Они чужие, возможно даже туповаты, и пусть себе ими остаются.
Чтоб они стали твоими — много должно раствориться и остаться в них твоей души.
Недавно я приезжала во Всеволожское — нехороша, суетлива, и случайно, случайно! даже искоса, взгляд упал за окно (возможно, я говорила Л. об этом), и ах милые, они мне сразу ответили, а я сволочь о них забыла, была несчастна и потеряна, как будто их нет.
Однако вырвалось словцо: туповаты, для пантеиста такая оговорка знаменательна: признать, что эти места забыты Богом, или пенять на себя: что ни говори, а ты утратил живую с ними связь и не понял их языка, возможно, Бог оставил именно тебя.

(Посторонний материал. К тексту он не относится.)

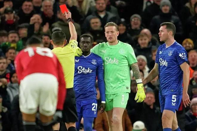 约书亚·齐尔克泽本赛季首次先发,马兹拉维与多尔古也进入首发,阿马德则被推到左边锋。第13分钟,埃弗顿中场盖耶与队友基恩发生冲突,盖耶掌掴前曼联后卫,被直红罚下。那一刻,葡萄牙教头或许以为今晚会很轻松,结果截然相反。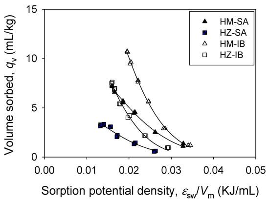 The PDM model was proposed to normalize the aqueous concentration to the water solubility of the compounds from the Polanyi theory. In this study, PDM was also attempted because solubility (S) and molar volume (Vm) are included as model parameters, considering that the solubility and molar volume of SA and IB are considerably different. The Polanyi theory has been used to describe the sorption process of organic compounds in highly meso- and microporous sorbents, which indicates that sorption occurs by the pore-filling mechanism [22]. In the PDM model (Equation (5)), the exponent b = 2 corresponds to a log-normal distribution of sorption energies [32]. The PDM model fitted well to the SA and IB sorption data (R2 > 0.963), as shown in Figure 2. The PDM model parameters are summarized in Table 4. It was observed that the maximum sorption capacity (qm) of SA was less than IB and the qm of HM (SA: 63.97 mmol/kg, IB: 412.08 mmol/kg) was higher than that of HZ (SA: 31.44 mmol/kg, IB: 307.55 mmol/kg).
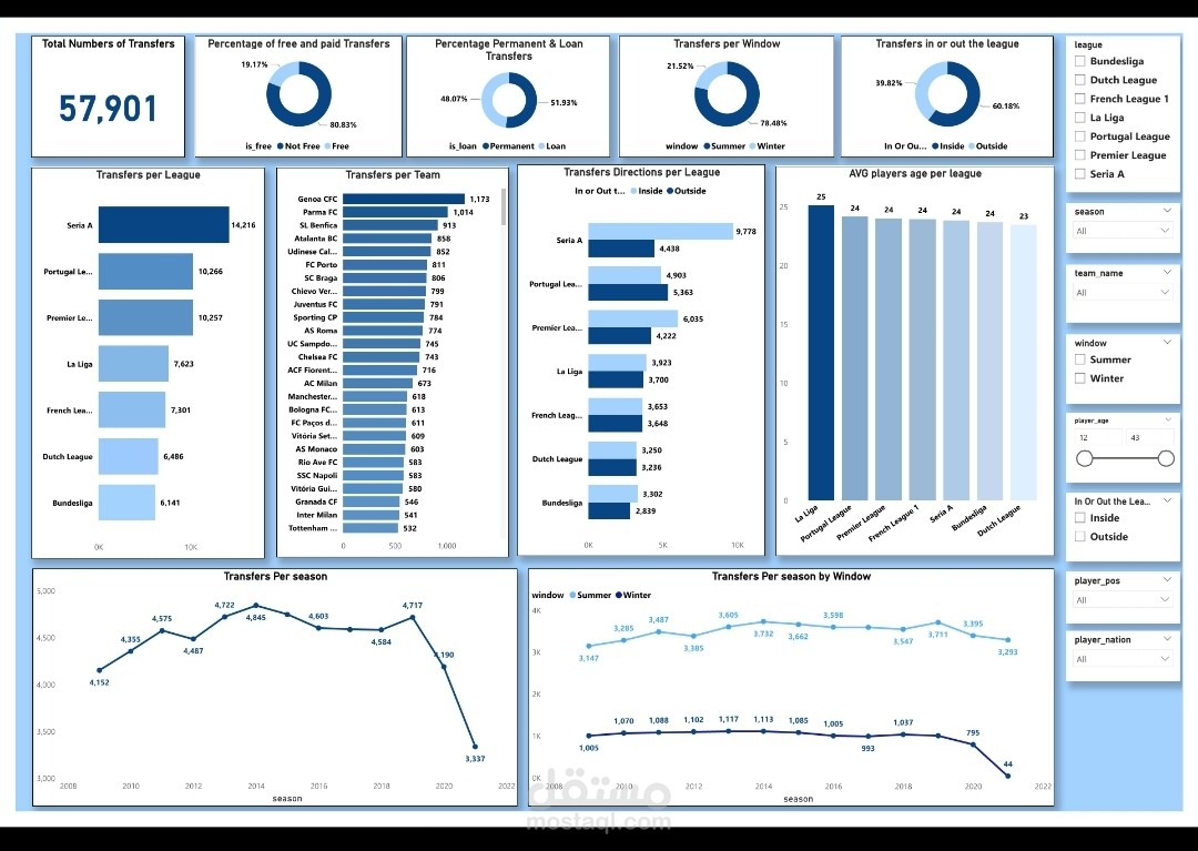 I used interactive charts and slicers to allow users to filter by league, team, transfer window, player age, and much more. You can deep dive into the transfer dynamics of your favorite teams or leagues, exploring trends and strategies behind player transfers.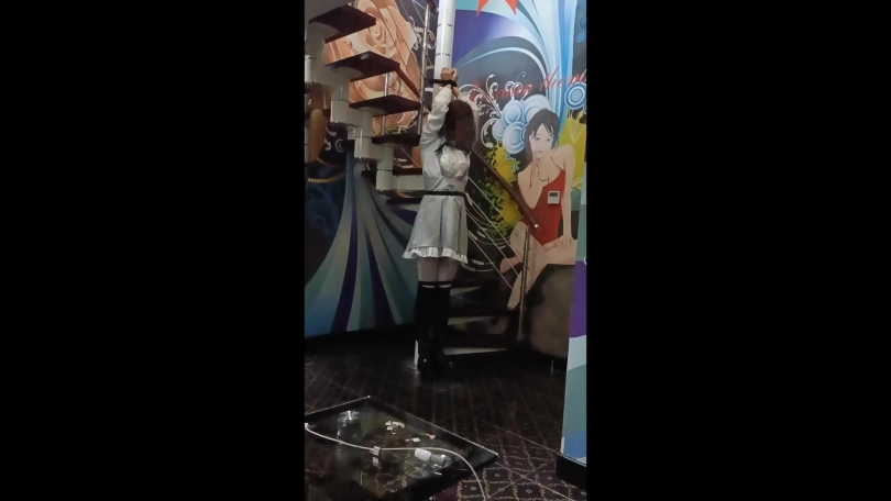 有件比较意外的事是一根皮带被伪娘挣扎时绷断了,视频里可以看到……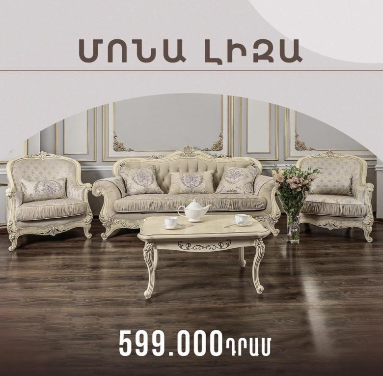 Ձեռք բերեք ՄՈՆԱ ԼԻԶԱ հյուրասենյակի հավաքածուն՝ 599.000 դրամով:
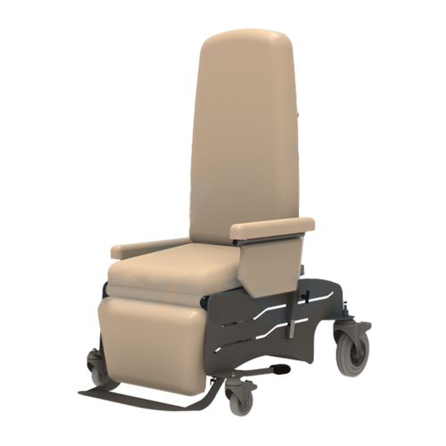 Rehabilitačné, ošetrovateľské a geriatrické kreslo vhodné pre seniorov – so 4 otočnými kolesami a polohovateľným sedadlom.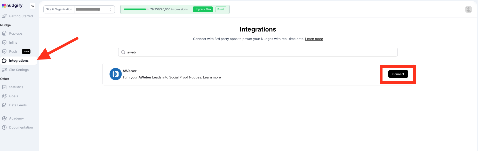 Follow the steps below to connect your AWeber user data to Nudgify and show new contacts in Sign-up Nudges.
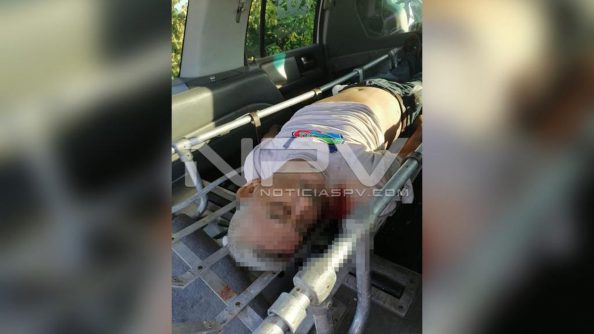 Este auto de alquiler del municipio de Tuxpan, Nayarit, con número económico NTU-0032, se encontraba fuera de la carpeta asfáltica recostado sobre su lado derecho dentro del estero y a un lado estaba la persona sin vida aproximadamente a 5 metros del taxi, mismo que vestia pantalón azul marino de mezclilla, playera blanca y huaraches de cuero.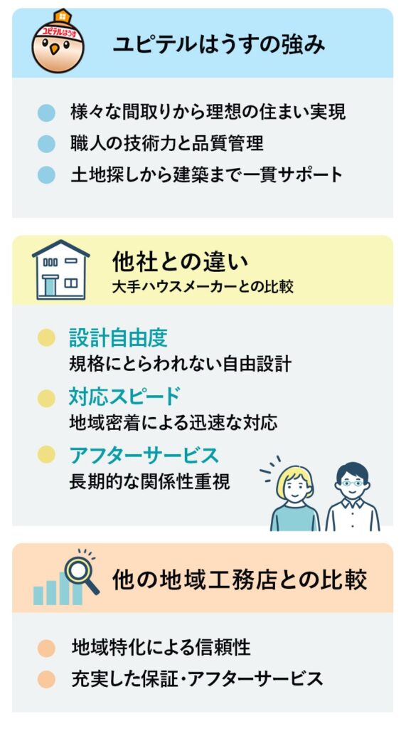 ローコストからハイグレードまで、施工会社によって強みや価格帯はさまざまです。ハウスメーカーだけでなく、地域事情に詳しい地元工務店も選択肢に入れることで、自分たちの希望や予算に合った最適なパートナーを見つけやすくなります。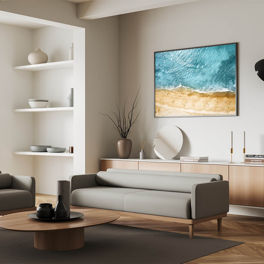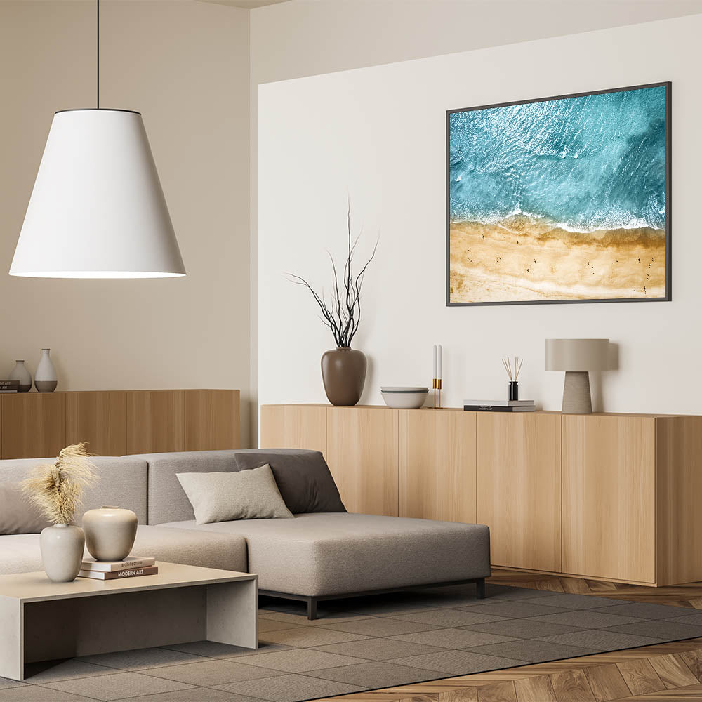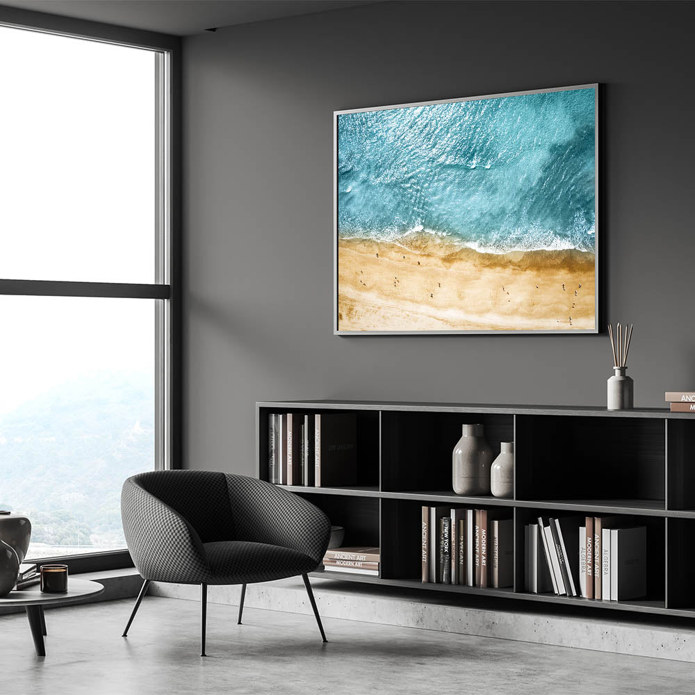 Transform your space with the tranquil beauty of this aerial beach shoreline scene. Perfect for those who love the ocean and want to create a peaceful retreat in their living space.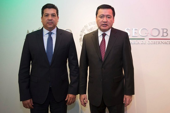 El secretario de Gobernación, Miguel Ángel Osorio Chong, sostuvo una reunión con el gobernador de Tamaulipas, Francisco Javier García Cabeza de Vaca, con el propósito de fortalecer la coordinación para recuperar la paz y el Estado de derecho de esa entidad.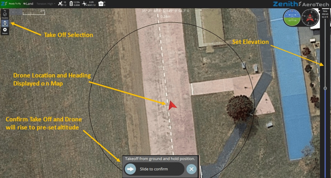 Once the system checks are complete, all blocks will show green. Operator can the click on the “TAKE OFF” button to set the desired altitude and then launch by sliding the confirm button.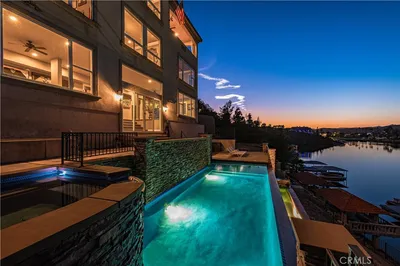 Set behind the gates of Canyon Lake, this unbelievable 5 bedroom, 5.5 bath waterfront estate is the definition of resort-style luxury—where architectural presence, scale, and lifestyle converge across 6,047 sq ft, all powered by 36 owned Tesla solar panels. Designed for both elevated everyday living and unforgettable entertaining, the home welcomes you on the mid-level through an impressive double-door entry or by one of the two attached garages. Rich wood flooring flows throughout this level, setting a warm and sophisticated tone. Highlights include a cinematic theatre room, gated wine room and private ensuite bedroom. The extraordinary kitchen, which opens to an expansive covered balcony with lake views, is truly a chef’s dream. This culinary space is impeccably appointed with high-end appliances to include a refrigerator/freezer, 4-burner cooktop with griddle, oven, two warming drawers, microwave and microwave drawer, wine cooler, beverage center, ice maker, built-in coffee system, two dishwashers, two oversized islands, prep sink and a generous walk-in pantry equipped with washer/dryer. A great room with fireplace and half bath complete this level. Ascend the grand staircase or take the private elevator to the upper level, where the luxurious primary suite serves as a true retreat, featuring a fireplace, soaking tub, walk-in shower, two private water closets, and an expansive walk-in closet with in-suite washer and dryer. This level also offers an additional ensuite bedroom and Jack-and-Jill bedrooms, thoughtfully designed for privacy and comfort. The lower level is where lakefront living truly comes to life, offering an additional room (currently used as a 6th bedroom), full bath with washer/dryer, built-in bar, and spacious open game room that flows seamlessly outdoors. Enjoy year-round entertaining with a lazy river resort-style pool and spa, outdoor kitchen, and direct access to the private lake, complete with dock, boat lift, and beach entry—a rare and coveted combination. Beyond the home, residents enjoy access to Canyon Lake’s premier amenities, including an 18-hole golf course, community restaurants, tennis and pickleball courts, skate park, equestrian center, baseball fields, and multiple parks. Description alone cannot capture the scale, craftsmanship, and lifestyle this estate offers. This is a must-see property. Please call to schedule your private showing.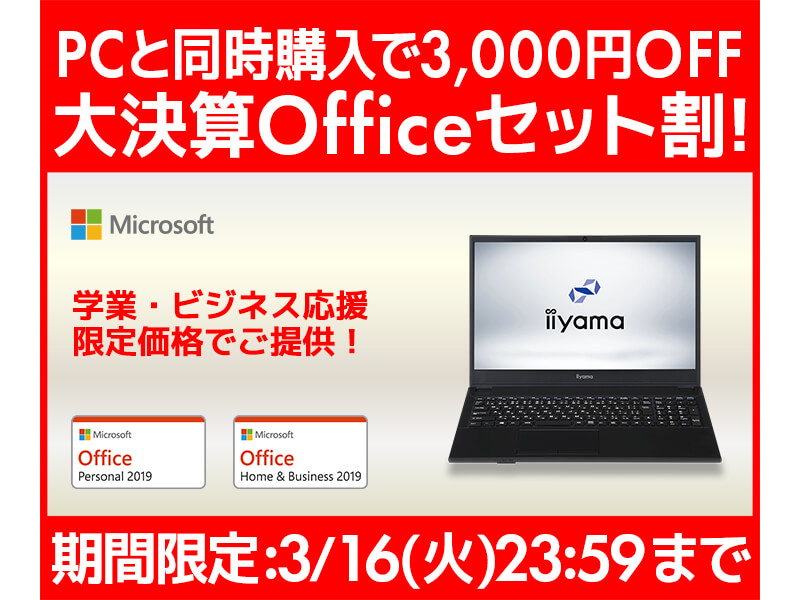 パソコン工房、PCとOfficeを同時購入で3千円引きとなるキャンペーン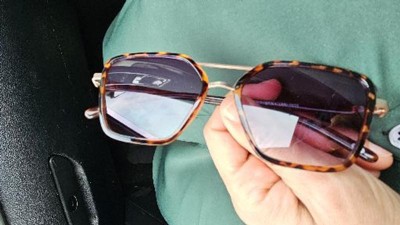 Accentuate your on-the go looks with chic style wearing these Tortoise Shell Print Plastic Aviator Sunglasses from Universal Thread™. These aviator sunglasses feature a tortoise shell print frame with gold-tone metal temples, making for a stunning addition to your accessory collection. The blue lenses offer UV protection for your eyes, while the hinged temples allow for easy folding and convenient storage. Complete with nose pads for comfortable wear, these shatter-resistant, metal-frame sunglasses complement both casual and dressier outfits.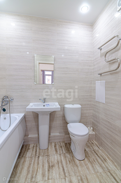 Кухня оборудована кухонным гарнитуром. Качественная входная металлическая дверь, износостойкий ламинат, натяжные потолки, санузел облицован керамической плиткой, качественные радиаторы отопления, сплит-система, водо-, тепло-, электросчетчики.
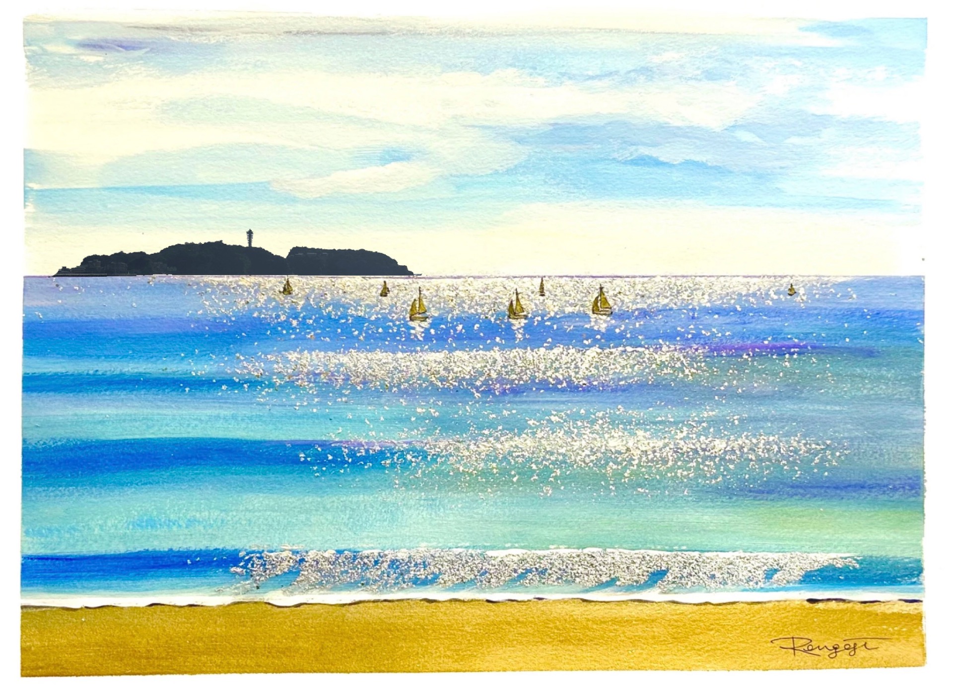 Enoshima Nishihama Beach. A gift of color from the sea.    F6 watercolor painting
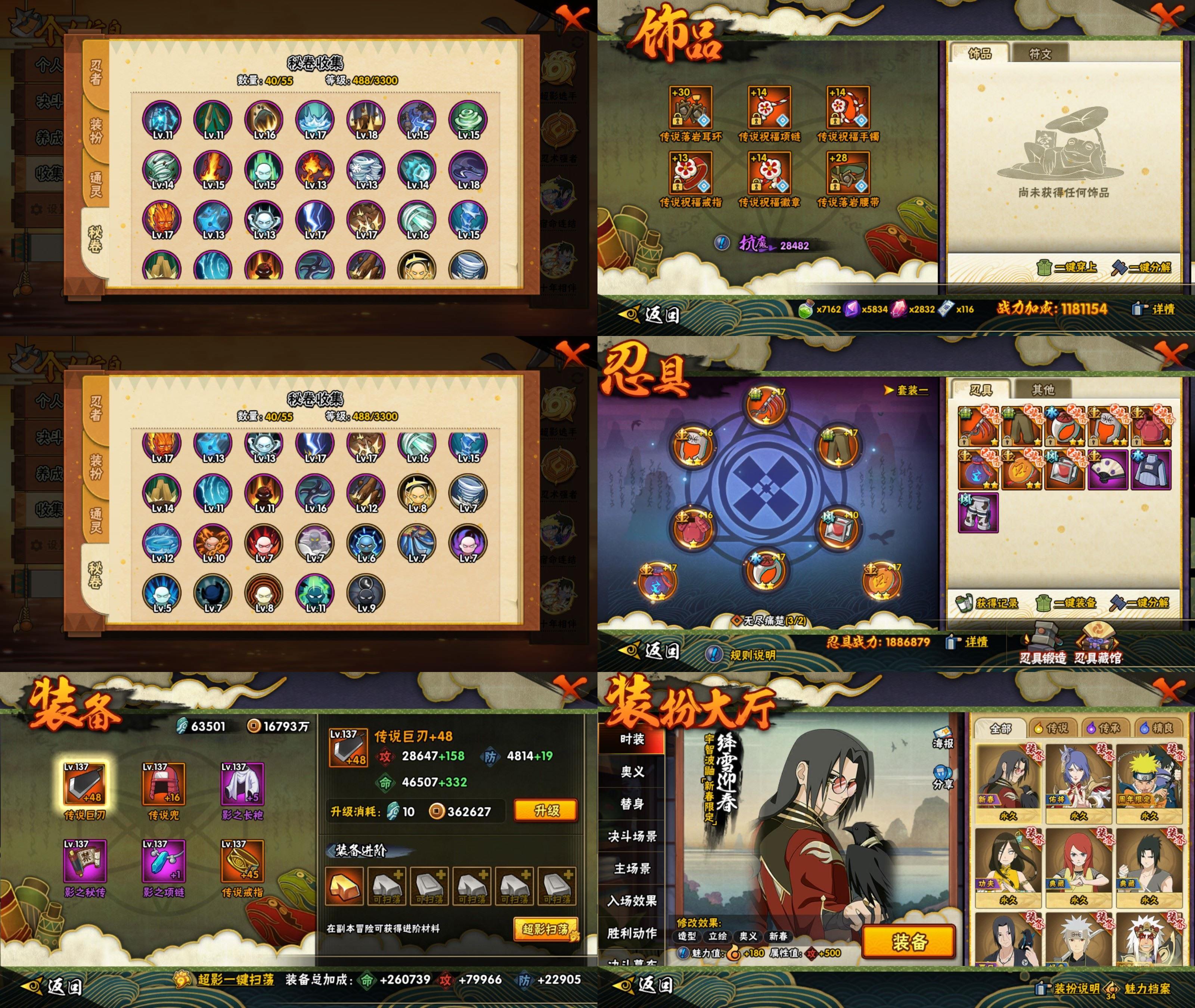 【A忍者】,小南「神驹佑将」,机械鸣人「初始形态」,大野木「侠隐江湖」,迈特凯「青春爆炸」,土台「忍界大战」,漩涡博人「桃式显现」,宇智波鼬「夏日限定」,黑绝,神农「羁绊」,药师兜「半蛇斗篷」,宇智波鼬「新春限定」,秋道丁次「忍界大战」,大蛇丸「晓」,志村团藏,飞段「死司凭血」,飞段,迪达拉,蝎,干柿鬼鲛,宇智波鼬,猿飞阿斯玛,迈特凯,

Да и что за глупость — подкармливать кусками своей бессмертной души и незамедлительно ждать приветливого шершавого языка.
А ведь было же, было! Как я предчувствовала их и узнавала с первого взгляда, никогда их прежде не видав. (Я сижу у окна, в самой светлой комнате, солнце еще не зашло, однако по углам остальных комнат застревает темнота. В одиннадцать придется вносить и зажигать керосиновую лампу.)
Позавчера до ночи сидела с хозяйкой, глядя на необычный малиновый ветреный закат, она вдруг сказала:
— Такие закаты, как сегодня, бывают на Иордане?
— На Иордане?
— На реке Иордане, в Израиле.
— Откуда вы знаете?
— Мне рассказывали, после работы они все собираются и глядят.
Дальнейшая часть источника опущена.